James Chadwick discovered the neutron.  

Geneticist J. B. S. Haldane published The Causes of Evoluion, unifying the findings of Mendelian genetics with those of evolutionary science.  

The heath hen became extinct in North America.  

Walter B. Pitkin published Life Begins at Forty in the United States.  

The Republican Citizens Committee Against National Prohibition was established to work for the repeal of Prohibition in the United States. 

The Yezd Fire temple (Atash Behram) became established in Yazd, Iran. 

The Association for Research and Enlightenment, Inc. (ARE) was founded in Virginia Beach, Virginia, as an open-membership group to research the collected transcripts of Edgar Cayce's continuing trances, stored at the Edgar Cayce Foundation.  

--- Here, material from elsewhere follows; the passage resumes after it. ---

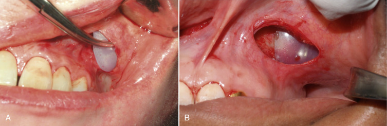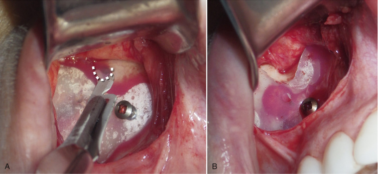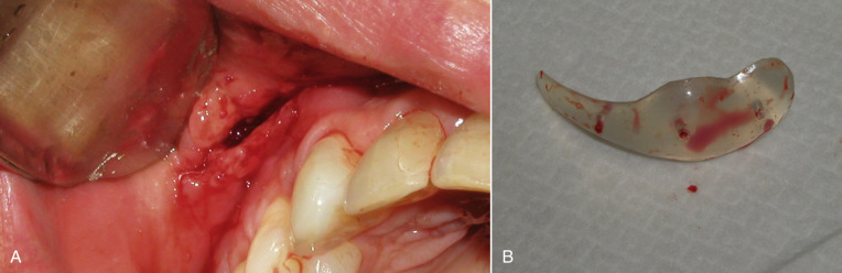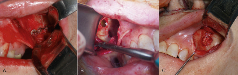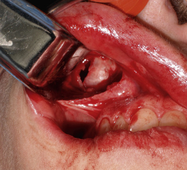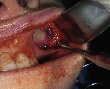 Some patients have extremely thin “potato chip” bone on the maxillary sinus and this can be easily perforated or fractured during routine dissection ( Fig. 7.54 ). This is most often seen with novice surgeons but can occur with any surgeon. If a moderate perforation occurs during implant dissection, the procedure can continue and the implant can lay over the perforation. The surgeon must take care not to allow debris to fall into the sinus through the perforation. Since patients are already on antibiotics from the implant procedure, no other coverage is necessary unless the patient becomes symptomatic with sinus-related problems. An antral perforation may result in bleeding from the nose as blood that entered the sinus may drain, but this is not active hemorrhage and is self-limiting.

"The Noah of Washington Mud Flats" predicted a Deluge in 1936, building an Ark and demon-proof armor.  

Unemployment in the United States reached approximately 33% with 14 million being unemployed.  A similar level of unemployment affected Germany.  Many people in depressed countries did not receive unemployment benefits due to governments not being able to afford benefit payments.


*Franklin Delano Roosevelt was selected president on a campaign promising a "New Deal" for Americans stricken by the Depression.  

*The son of aviator Charles Lindbergh was kidnapped, resulting in a sensational manhunt and trial.
*****

*"I pledge you, I pledge myself, to a new deal for the American people," declared New York governor Franklin D. Roosevelt as he accepted the Democratic party nomination for president at Chicago. Roosevelt went on to win election by a landslide, gaining 472 electoral votes and 57 percent of the popular vote versus 59 electoral votes and 40 percent of the popular vote for President Hoover, who carried only six states as economic depression worsened. 

*Prospectors struck oil in Bahrain.

*In India, Mahatma Gandhi began a 'fast unto death' to press the British authorities into improving their treatment of untouchables whom Gandhi calls harijan -- "God's children".  Gandhi's campaign of civil disobedience brought rioting and landed Gandhi in prison.  Nevertheless, Gandhi persisted in his demands for social reform and he urged a new boycott of British goods.  He succeeded in obtaining a pact improving the status of the "untouchables" after six days of fasting.

*In Britain, 36 year old Oswald Mosley left the Labour Party because of its defeatist attitude towards unemployment and founded his own party, the British Union of Fascists.  Mosley would become an admirer of Adolf Hitler and Benito Mussolini and would demand the expulsion of Jews from Britain.

*The Chinese continued to boycott Japanese goods.

*Josef Stalin cracked down on kulaks in Ukraine and the Caucasus who resisted collectivization.  He dispatched troops to requisition all foodstuffs and prevented trains carrying food from reaching the areas.

*The atom was "manually" split for the first time.  English physicist John Douglas Cockroft (age 35) and his associate Ernest Walton used a voltage multiplier they developed in the 1920s to accelerate charged subatomic particles to extremely high velocities.  They used this "atomic gun" to bombard lithium with protons, and the alpha particles (helium nuclei) they produced showed that the protons reacted with the lithium nuclei to produce helium.